製造現場において、LPCVD炉の熱的なずれは、突発的な故障として現れることはありません。それは、成膜プロファイルが不安定になったり、リソグラフィー後のCD分布が広がったり、あるいは工程の最終段階で何の前兆もなく不良品が生じる形で現れます。私たちは、熱バランスをプロセスの許容範囲内に保つように加熱要素を設計しています。
技術的に重要なのは、LPCVD炉の加熱要素がウェハ全体の温度を±0.1℃以内に保つことです。これにより、薄膜の厚さや組成の再現性が向上します。石英-ハロゲン方式は応答が速く、安定した状態を保ち、熱慣性も低いため、フォトレジストのソフトベイクやハードベイクを正確に行うことができます。また、この装置はクリーンルームのクラス1~100の環境で動作し、粒子を一切発生させないため、先進的なノードに必要な粒子数を維持できます。
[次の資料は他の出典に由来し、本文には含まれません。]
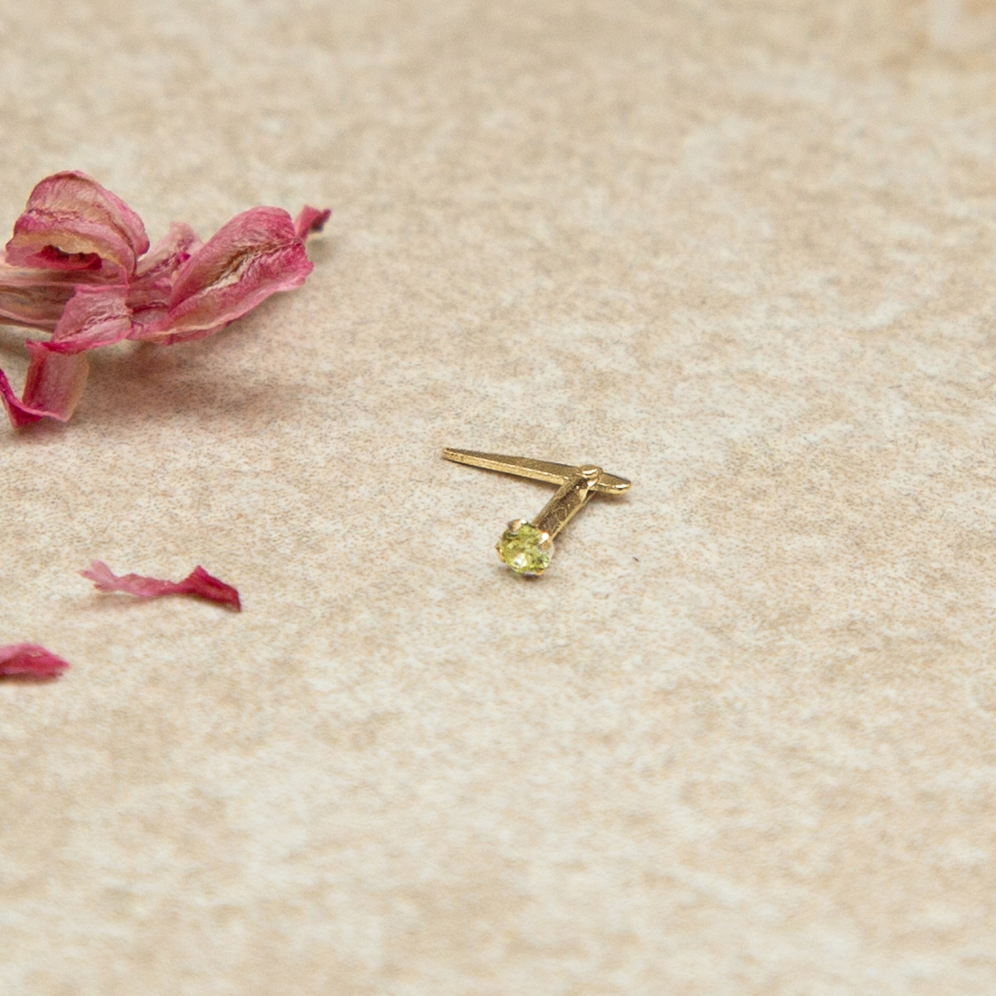The contrast is what gives this piece its character. On one side, the yellow gold setting adds softness and warmth. On the other, the light green stone brings a brighter note that feels clean and uplifting. As a result, the nose stud feels distinctive without becoming too bold. It has more presence than a plain gold style. Even so, it still sits neatly and keeps a subtle overall look once worn. Because of that balance, it works beautifully for everyday styling.

24時間365日稼働し、計画外の停止は一切ありません。また、同じ温度プロファイルを繰り返し実現できます。
なぜこれが有効かというと、LPCVDにおいては温度の安定性が歩留まりを左右するからです。高い均一性によってウェハ端の欠陥が減少し、重要な寸法が安定するため、全体的な工程の歩留まりが向上します。予測可能な温度上昇や保持特性により、検証サイクルが短縮され、不良品も減少します。また、余分な熱を補う必要がないため、エネルギー消費も削減されます。さらに、部品の寿命が予測可能であるため、交換時期を計画的に決めることができ、急な故障による停止を防げます。
計画すべき点としては、炉のコールドゾーンのインターフェースとの適合性や、コネクタの種類、電圧、寸法を既存の装置と照合することです。加熱要素が規格を満たすためには、ホットゾーンのバッフルやガス注入装置、熱遮断体が正しく配置され、清潔である必要があります。交換後は、設定値が安定するまで少し時間がかかります。そのため、工程の連続性を保つために、計画的なメンテナンスの際に交換を行うべきです。